XVII. C’est à ce Darius qu’Alexandre le Macédonien fit la guerre. Sa défaite mit fin à l’empire des Perses, qui, à partir de Cyrus, avait duré deux cent cinquante ans. On dit qu’Alexandre, après avoir vaincu presque toutes les nations, visita le temple de Jérusalem, y apporta des présents et décréta, dans tous les pays qu’il venait de soumettre à ses lois, que les Juifs auraient la liberté de rentrer dans leur patrie. Il mourut à Babylone, la douzième année de son règne et sept ans après avoir vaincu Darius. Ses compagnons qui avaient fait avec lui les grandes guerres, se partagèrent ses royaumes. Pendant quelque temps, chacun d’eux gouverna les pays qui lui avaient été attribués, sans prétendre au titre royal; c’était un certain Arridée Philippe, frère d’Alexandre, qui régnait. Très faible d’esprit, de l’empire il n’avait reçu que le nom, tandis que la puissance réelle était exercée par ceux qui s’étaient partagé l’armée et les provinces. Au surplus, cet état de choses ne dura guère et tous ces chefs voulurent bientôt être appelés rois. Séleucus, le premier, prit ce titre en Syrie; il gouvernait aussi Babylone et la Perse. A cette époque, les Juifs — qui payaient au roi un tribut de trois cents talents d’argent — n’étaient pourtant pas gouvernés par des magistrats étrangers, mais par leurs [grands-] prêtres. Ils vivaient ainsi sous leur rite national, quand plusieurs d’entre eux, que la longue paix avait pervertis, se mirent à tout brouiller et troubler par leurs séditions, en vue de la souveraine sacrificature, convoitée dans un but de débauche, d’avarice et de domination.

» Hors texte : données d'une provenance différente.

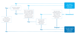 If you’ve made a prior claim, check whether it was submitted within the three-year window. To do this, calculate the last day of the claim notification period (six months from the end of your accounting period), and count back three years. If your last claim falls within this timeframe, you may not need to notify again. Be mindful of transitional rules, depending on how your previous claim was submitted. If you’re in doubt or need clarification on whether or not the notification rules apply, please get in touch and ensure you don’t miss out.

XVIII. Tout d’abord, sous Séleucus, fils d’Antiochus le Grand, un certain Simon accusa de crimes imaginaires le grand-prêtre Onias; mais il ne réussit pas à perdre cet homme pieux et intègre. Plus tard, Jason, frère d’Onias, alla trouver le roi Antiochus, frère et successeur de Séleucus, et s’engagea à augmenter considérablement le tribut annuel si on lui accordait la grande-prêtrise. Et, quoiqu’il fût sans exemple[3] — c’était d’ailleurs interdit — de s’emparer des fonctions sacerdotales, qui sont inamovibles, le roi, vivement sollicité et poussé en outre par son avarice, se laissa persuader sans beaucoup de peine. Onias fut donc chassé. Jason devint grand-prêtre et tyrannisa honteusement ses concitoyens et sa patrie. Comme il avait chargé un certain Ménélas, frère de Simon, de porter au roi la somme d’argent convenue, le chemin se trouvant tout tracé pour les ambitieux, Ménélas, grâce aux pratiques qui avaient réussi à Jason, obtint à son tour la grande-prêtrise. Seulement, n’ayant pu payer l’argent qu’il avait promis, il fut expulsé de son poste et remplacé par Lysimaque. Une lutte honteuse s’engagea alors entre Jason et Ménélas, laquelle ne cessa que par la fuite et l’expatriation de Jason. Après de pareils débuts, la corruption des mœurs fit de tels progrès que presque tous les hommes du peuple demandèrent à Antiochus de les autoriser à vivre à la manière des gentils. Le roi y consentit, et alors tous les plus méchants d’entre eux se mirent à l’envi à élever des autels aux idoles, à leur adresser des prières et à profaner la Loi. Vers ce temps, Antiochus se rendit à Jérusalem; il revenait d’Alexandrie, après avoir, sur l’ordre du Sénat et du peuple romain, — Paulus et Crassus étaient consuls, — mis fin à la guerre par lui entreprise contre le roi d’Égypte. En voyant les Juifs ainsi divisés par les superstitions introduites parmi eux, il abolit la loi de Dieu, se montra favorable à ceux qui pratiquaient des rites impies, dépouilla le Temple de ses ornements, et remplit [la Ville] de carnage. Ces choses se passaient cent cinquante et un ans après la mort d’Alexandre, sous le consulat de Paulus et Crassus, environ la quinzième année du règne d’Antiochus.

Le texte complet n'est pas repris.